Speaker 1:Now how do we diagnose PTSD? The simple answer is, for me is if you have a traumatic history and you have addiction, chances are you have PTSD. Now the official answer is is we use the Diagnostic and Statistical Manual 5th Edition, or the DSM-5, and it's the book in psychiatry that contains all the criteria for every psychiatric diagnosis. And because in psychiatry we can't run a blood test or a scan, we're really just trying to see if the person's symptoms match the criteria and then we give them the diagnosis. So pardon the very small font, but as you can see here there's a lot of complicated criteria for PTSD. The first is they had to have had an exposure to the trauma. Then they have to have intrusive thoughts or memories. They have to try to avoid those thoughts and memories. It has to have a negative effect on their mood and how their brain works. And then they have to be hyper aroused, like they're constantly ready to trigger that fight or flight response again. It has to last for greater than a month, it has to be significant, in other words it's actually affecting their life in a meaningful way, and then it's not from something else. So you can look up these DSM-5 criteria for PTSD. I actually read them to my patients in clinic when I'm trying to make the diagnosis.

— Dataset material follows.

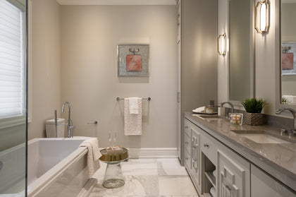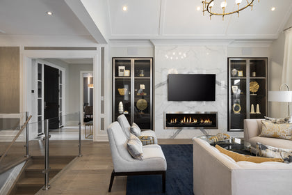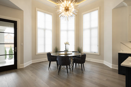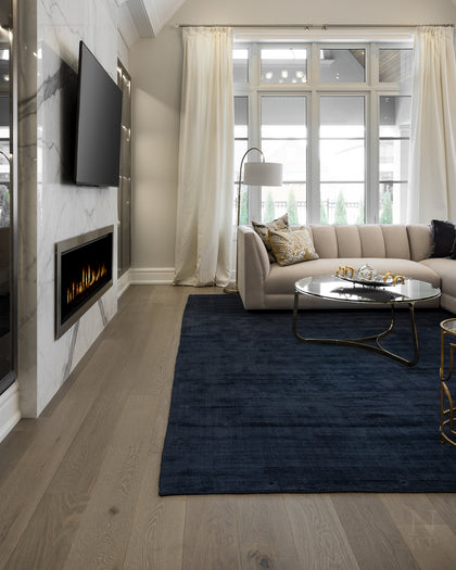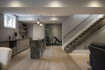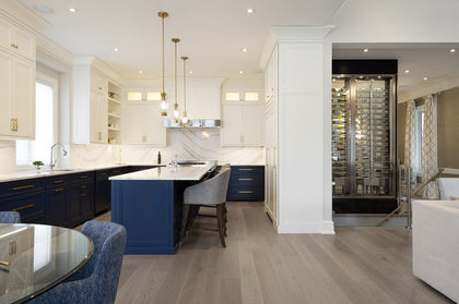 This luxury home was designed in the tradition of old world European with luxury finishes and details, seen in everything from the cabinetry to the furniture and the specialty wide plank flooring. Key details in this home make an impressive statement such as the glass wine wall that separates the dining room from the great room and the beautifully designed duotone kitchen that compliments the grey tones of the Tremblant wide plank flooring.

Speaker 1:But here's a simplified way to think about the diagnostic criteria for PTSD. Number one a person was exposed to trauma. Number two they persistently experienced that trauma over and over again, and common things are flashbacks and nightmares. Number two they persistently experience that trauma over and over again, and common things are flashbacks and nightmares. Number three people try to avoid anything that reminds them of the trauma. Number four their mental health declines. And then, number five people are easily triggered or reactive, which can include being hypervigilant, startling easily, not sleeping well, being irritable or engaging or risky and destructive behavior, which includes addiction.
Speaker 1:So for me, so I have post-traumatic stress disorder from my time in the emergency department. Trauma can happen in many different ways. A person could be traumatized, and they get PTSD. A person could have witnessed a trauma firsthand and they get PTSD. People can get PTSD through their work like firefighters, first responders and police officers, and as I go through this, I can see all the things that happen in my body. So, yes, I have too many horrible stories to remember from the ER. I get flashbacks multiple times a day. I had nightmares for years. I get flashbacks multiple times a day. I had nightmares for years. I still, to this day, will avoid walking through the ER at all costs. My mental health was really declining in the emergency department and absolutely I was having difficulty sleeping and I was hypervigilant in the ER. It really has a profound effect on people. Now, in terms of what actually causes post-traumatic stress disorder, what I'm going to tell you now isn't really science-based, but it's more how it makes sense in my mind and how people have explained it to me.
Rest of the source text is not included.